§ **Brief**
Below is a listing. Quote from it, exactly, the lines from the one containing "ووقّع الاتفاقية عن" down to the one containing "答辩根据专业方向分为三个小组", both ends included, and nothing else.

§ **Recorded data**
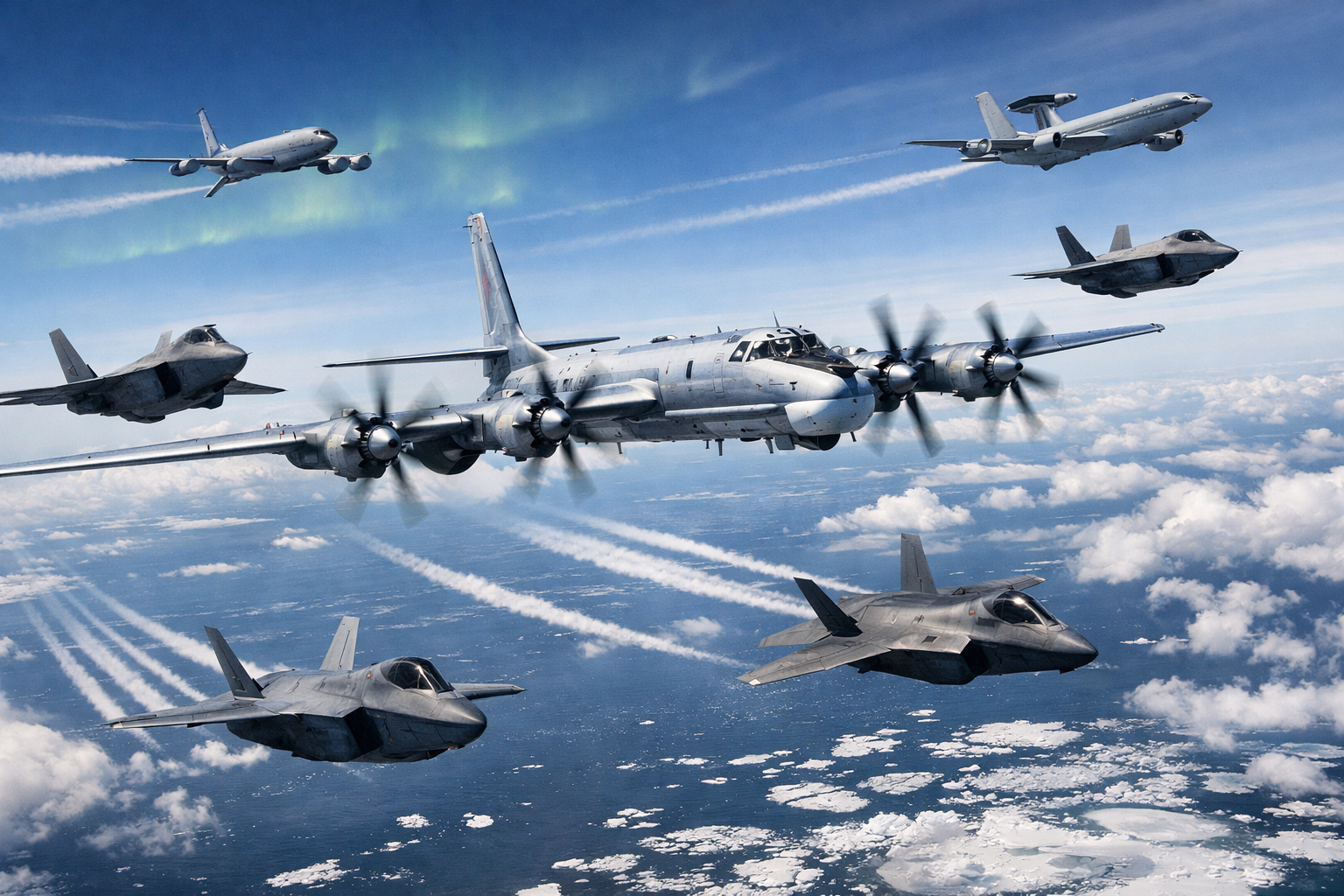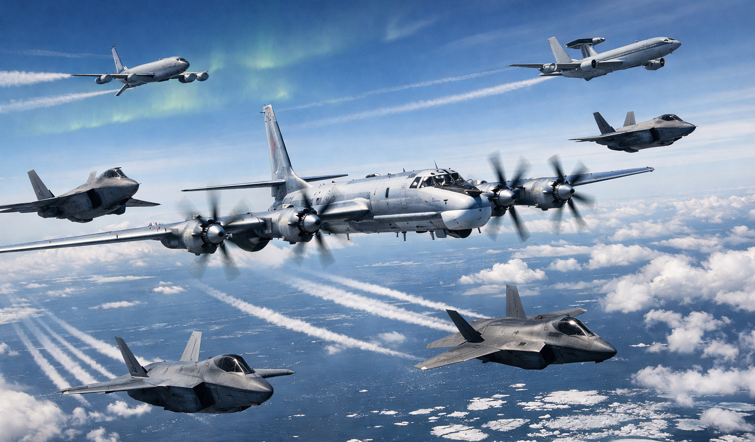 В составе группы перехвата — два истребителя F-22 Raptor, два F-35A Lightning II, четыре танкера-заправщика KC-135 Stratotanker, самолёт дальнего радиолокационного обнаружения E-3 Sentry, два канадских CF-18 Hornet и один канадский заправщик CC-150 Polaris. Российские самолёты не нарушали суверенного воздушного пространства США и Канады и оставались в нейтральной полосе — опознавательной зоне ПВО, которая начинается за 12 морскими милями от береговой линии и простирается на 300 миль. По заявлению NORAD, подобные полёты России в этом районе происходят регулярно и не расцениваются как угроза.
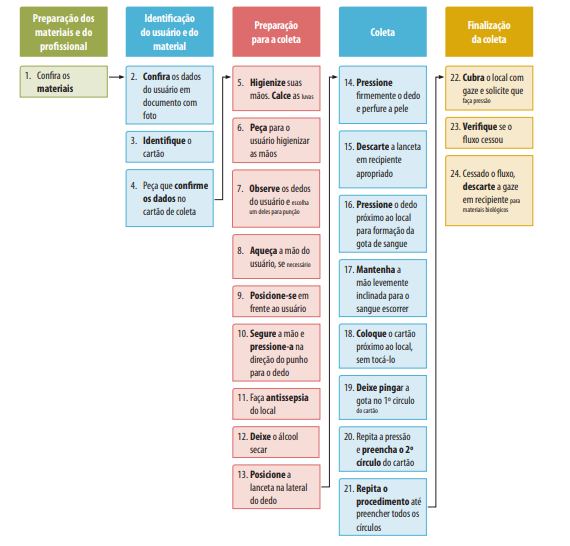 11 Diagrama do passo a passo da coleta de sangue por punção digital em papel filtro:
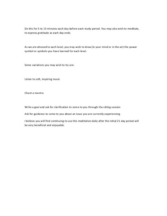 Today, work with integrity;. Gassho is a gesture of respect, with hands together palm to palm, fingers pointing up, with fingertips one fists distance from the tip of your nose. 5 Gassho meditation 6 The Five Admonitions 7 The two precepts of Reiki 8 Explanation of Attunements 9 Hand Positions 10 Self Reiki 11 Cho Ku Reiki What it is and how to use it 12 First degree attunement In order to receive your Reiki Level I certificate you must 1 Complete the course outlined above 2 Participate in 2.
---
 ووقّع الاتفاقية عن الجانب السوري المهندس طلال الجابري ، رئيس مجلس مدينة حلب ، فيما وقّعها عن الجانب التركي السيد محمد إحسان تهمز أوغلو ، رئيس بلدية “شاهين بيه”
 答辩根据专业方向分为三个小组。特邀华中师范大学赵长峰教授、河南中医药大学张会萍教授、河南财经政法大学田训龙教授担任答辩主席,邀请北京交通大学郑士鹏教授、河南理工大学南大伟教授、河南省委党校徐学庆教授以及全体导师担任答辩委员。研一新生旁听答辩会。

§ **Result below**
 ووقّع الاتفاقية عن الجانب السوري المهندس طلال الجابري ، رئيس مجلس مدينة حلب ، فيما وقّعها عن الجانب التركي السيد محمد إحسان تهمز أوغلو ، رئيس بلدية “شاهين بيه”
 答辩根据专业方向分为三个小组。特邀华中师范大学赵长峰教授、河南中医药大学张会萍教授、河南财经政法大学田训龙教授担任答辩主席,邀请北京交通大学郑士鹏教授、河南理工大学南大伟教授、河南省委党校徐学庆教授以及全体导师担任答辩委员。研一新生旁听答辩会。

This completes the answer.